15.3.3 Stochastic mapping

Visualizing the history of evolution of a trait using stochastic maps.

phy <- mk2_equalrates$phy
data <-mk2_equalrates$data
model <- mk2_equalrates$solution
model[is.na(model)] <- 0
diag(model) <- -rowSums(model)
# run get simmap (can be plotted using phytools)
simmap <- makeSimmap(tree=phy, data=data, model=model, rate.cat=1, nSim=10, nCores=1)

# we import phytools plotSimmap for plotting
dev.off()
plotSimmap(simmap[[1]], fsize=.4)
colors <- setNames(c("black","red"),0:1)
dev.off()
densityTree(simmap,method="plotSimmap",lwd=8,nodes="intermediate", ylim=c(1,170),colors=colors, compute.consensus=FALSE, fsize=0.2, show.axis=FALSE, fix.depth=TRUE)

15.3.4 Modeling hidden states

Often, the transitions between to states are associated with other changes in the history of the trait itself. Some of those changes we can measure i.e., polyploidy vs. breeding systems, but some others are hard to quantify or hard to measure. Because many things could have happen that are linked to transitions between states we need to model using what we call hidden states.

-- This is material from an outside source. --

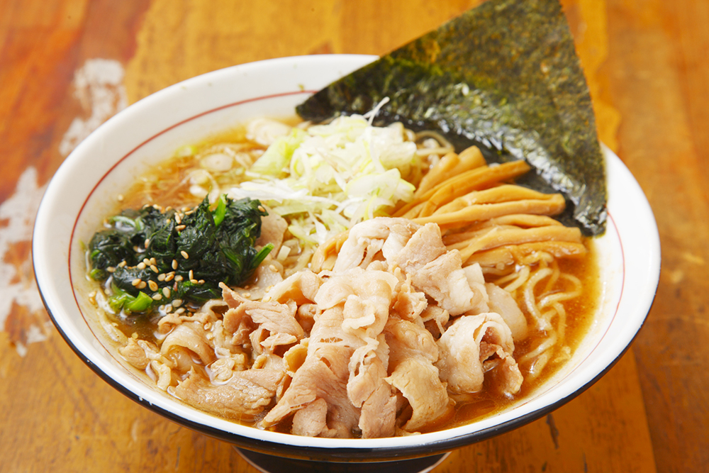 甘辛い味付けで旨みが凝縮された、国産豚バラ肉が食欲を掻き立てる一杯。ホウレンソウやメンマ、ノリなど具材も豊富だ。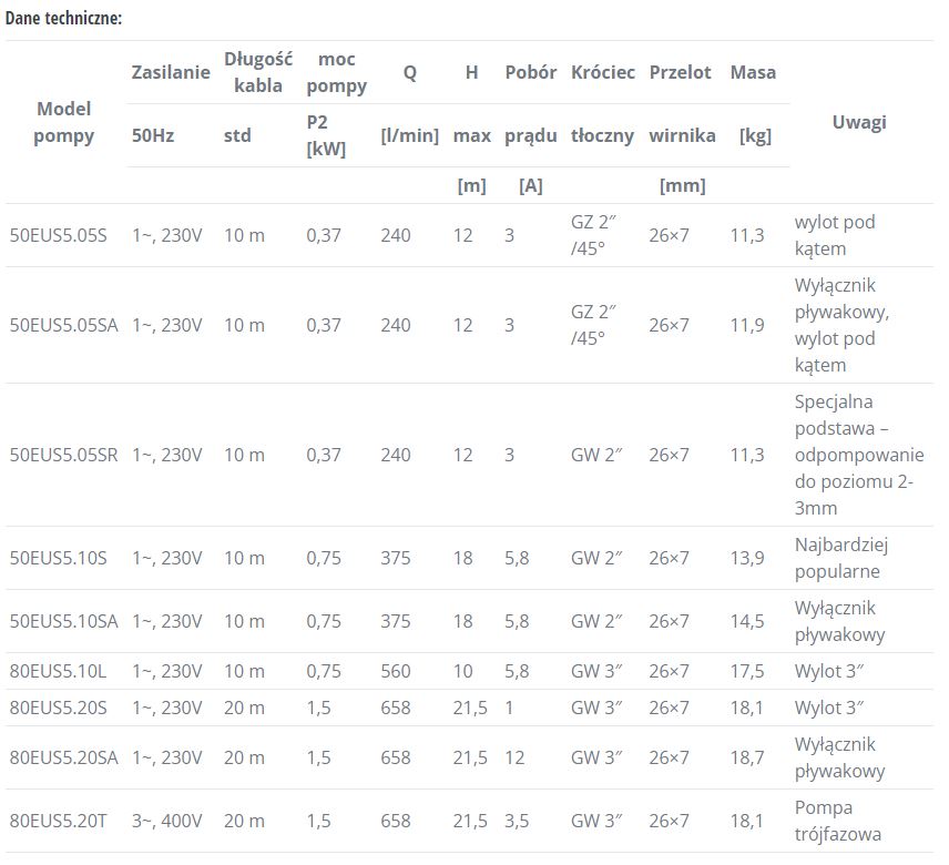 Możliwość pracy ciągłej (silnik klasy S1, 230V, IP 68, 50Hz, 2850 RPM).

The hidden states model is a mathematical tool that allow us to parse the main effect of the trait of interest, by removing other potential sources of evolution in the transitons.

We will stop here and draw what these hidden states are!

How do we implement them in R? Two different assumptions

hmm2_2_equal <- corHMM(phy = pole_tree, data = data.discrete, rate.cat = 2, model = "SYM", get.tip.states = TRUE)
hmm2_2_equal #Let's read and interpret the results carefully
plotMKmodel(hmm2_2_equal)

hmm2_2_different<- corHMM(phy = pole_tree, data = data.discrete, rate.cat = 2, model = "ARD", get.tip.states = TRUE)
hmm2_2_different #Let's read and interpret the results carefully
plotMKmodel(hmm2_2_different)

What is a better? What is the overall best model??